Note: jtd-codegen had to generate a custom type alias here, which is why the code has a bit of extra stuff. If you use “empty”, “type”, “ref”, “elements”, or “values” schemas at the top level of a schema, jtd-codegen has to emit type aliases in Python. In real-world schemas, this doesn’t happen very often.

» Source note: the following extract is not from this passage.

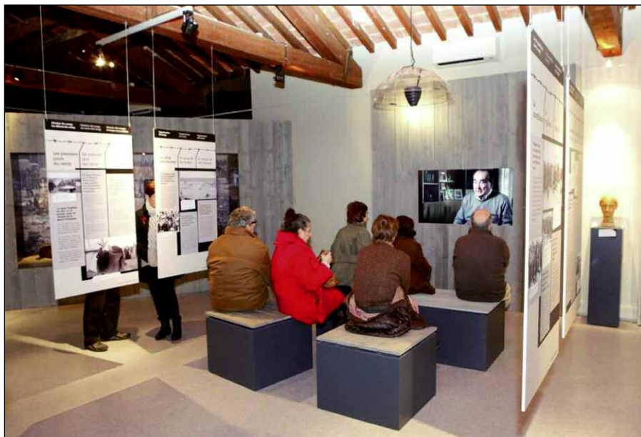
Le Mémorial du camp fait partie des actions initiées par Argelès-sur-Mer avec le soutien du MUME

Courant juillet 2014, le MUME a organisé un séminaire international d'été sur le thème : Mémoire et témoignage au XXIe siècle. La frontière de la mémoire. La mémoire de la frontière. Une convention de partenariat entre les deux villes dans le cadre de la

Code generated from “Ref” schemas

“Ref” schemas will be converted into a reference to the definition being referred to:

{
  "definitions": {
    "example": { "type": "string" }
  },
  "ref": "example"
}

Generates into:

from dataclasses import dataclass
from typing import Any, Union, get_args, get_origin

def _from_json(cls, data):
    if data is None or cls in [bool, int, float, str, object] or cls is Any:
        return data
    if get_origin(cls) is Union:
        return _from_json(get_args(cls)[0], data)
    if get_origin(cls) is list:
        return [_from_json(get_args(cls)[0], d) for d in data]
    if get_origin(cls) is dict:
        return { k: _from_json(get_args(cls)[1], v) for k, v in data.items() }
    return cls.from_json(data)

def _to_json(data):
    if data is None or type(data) in [bool, int, float, str, object]:
        return data
    if type(data) is list:
        return [_to_json(d) for d in data]
    if type(data) is dict:
        return { k: _to_json(v) for k, v in data.items() }
    return data.to_json()

@dataclass
class Ref:
    value: 'Example'

    @classmethod
    def from_json(cls, data) -> 'Ref':
        return cls(_from_json(Example, data))

    def to_json(self):
        return _to_json(self.value)

@dataclass
class Example:
    value: 'str'

    @classmethod
    def from_json(cls, data) -> 'Example':
        return cls(_from_json(str, data))

    def to_json(self):
        return _to_json(self.value)

Note: jtd-codegen had to generate a custom type alias here, which is why the code has a bit of extra stuff. If you use “empty”, “type”, “ref”, “elements”, or “values” schemas at the top level of a schema, jtd-codegen has to emit type aliases in Python. In real-world schemas, this doesn’t happen very often.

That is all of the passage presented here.